This ultimately raises the standard of care for complex surgeries,
translating into numerous potential patient benefits. Complex procedures
like thoracic surgery require an excellent view of the operative
field and the ability to maneuver instruments within the chest
cavity, and while smaller incisions have been used to perform a
variety of thoracic procedures, many surgeons feel the reduced
access of traditional laparoscopic surgery may limit visualization
and may impede access to the operative field. In contrast, the da
Vinci System's unique EndoWrist Instruments and InSite Vision
System provides better control, dexterity and visualization than
with an open procedure — allowing Dr. Willekes to offer his
patients the benefits of minimally invasive surgery, including
less scarring, pain, blood loss and infection risk, a shorter hospital
stay, reduced recovery time and better clinical results.
For the patient, a da Vinci procedure can offer all the
potential benefits of a minimally invasive procedure, including
less pain, less blood loss and less need for blood transfusions.
Moreover, the da Vinci System can enable a shorter hospital
stay, a quicker recovery and faster return to normal daily activities.
Recently, a less invasive procedure for treating early stage lung
cancer has been developed. This is called video-assisted thoracic
surgery. A tiny video camera can be placed through a small hole
in the chest to help the surgeon see the tumor. Only small incisions
are needed, so there is a little less pain after the surgery. Most
experts recommend that only tumors smaller than 4 to 5 cm (about
2 inches) be treated this way. The cure rate after this surgery
seems to be the same as with older techniques. It is important,
though, that the surgeon performing this procedure be experienced
since it requires more technical skill than the standard surgery.
Each year, more than a million thoracic (chest) surgical procedures
are performed in the United States for heart and lung disease,
muscle and nerve disorders, ulcers and other serious illnesses.

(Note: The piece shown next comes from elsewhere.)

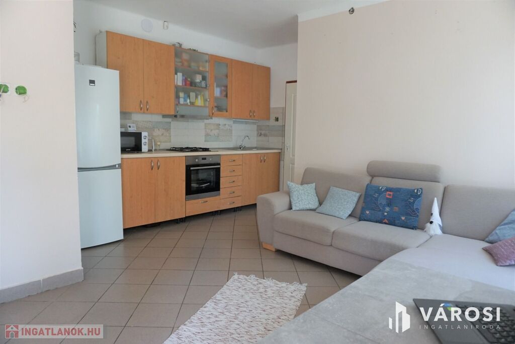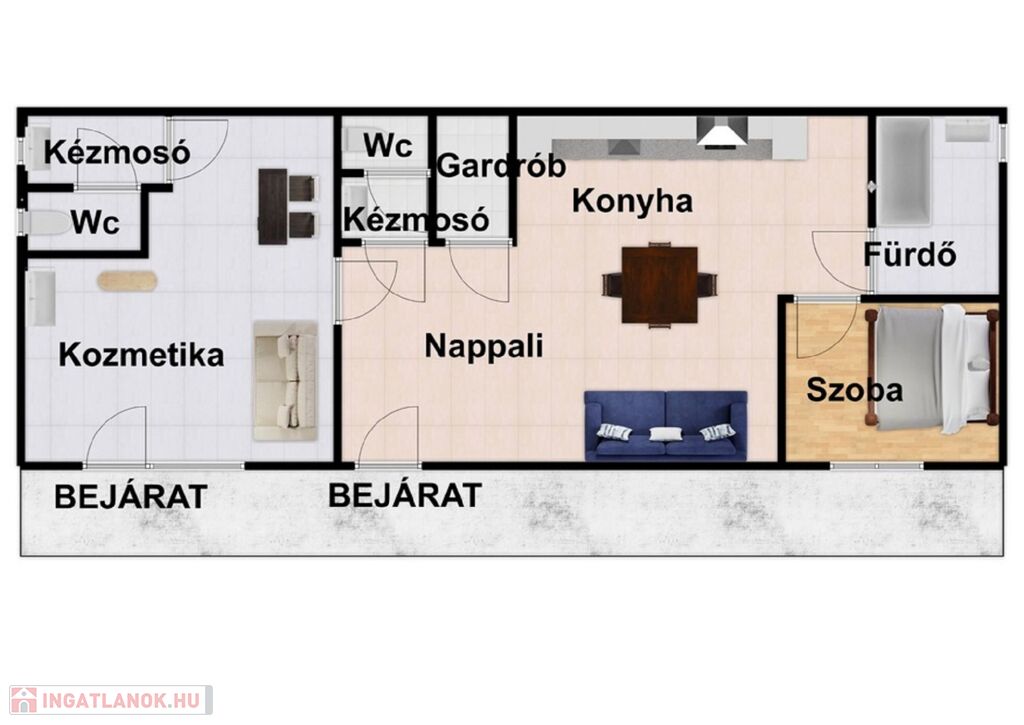 -60nm-es ingatlan(17nm-es kozmetikai szalon(wc-vel és kezelő helyiséggel),amerikai konyhás nappali, lakószoba, fürdőszoba, gardrób és külön wc)

Although surgery may be the best, or only way to treat the disease,
patients can sometimes face a long and difficult recovery because
traditional "open" thoracic surgery is highly invasive. In
most cases, surgeons must make a long incision through chest muscles
and then cut or spread the patient's ribs to reach the diseased
area. As a result, patients may spend up to a week in the hospital
and face up to four to six weeks of recovery at home.
Now, a surgical technique known as video assisted thoracic surgery
(VATS) is enabling surgeons to perform many common thoracic procedures
in a minimally invasive manner. Depending on the type of procedure,
most patients do not need intensive care, can leave the hospital
in 1 to 3 days and, in many cases, are back to normal activities
within a week.
In most VATS procedures, surgeons operate through two to four tiny
openings between the ribs while viewing the patient's internal
organs on a television monitor. Each opening is less that one
inch in diameter, whereas 6- to 10-inch incisions are not uncommon
in open thoracic surgery.
Because it can offer patients significant advantages over open
surgery, many surgeons believe that VATS will one day be used
in the majority of all thoracic procedures. While not every patient
is a candidate for video assisted thoracic surgery, VATS has
been used at Monmouth Medical Center to:
- Treat blebs on the lung (which can lead to a collapsed lung)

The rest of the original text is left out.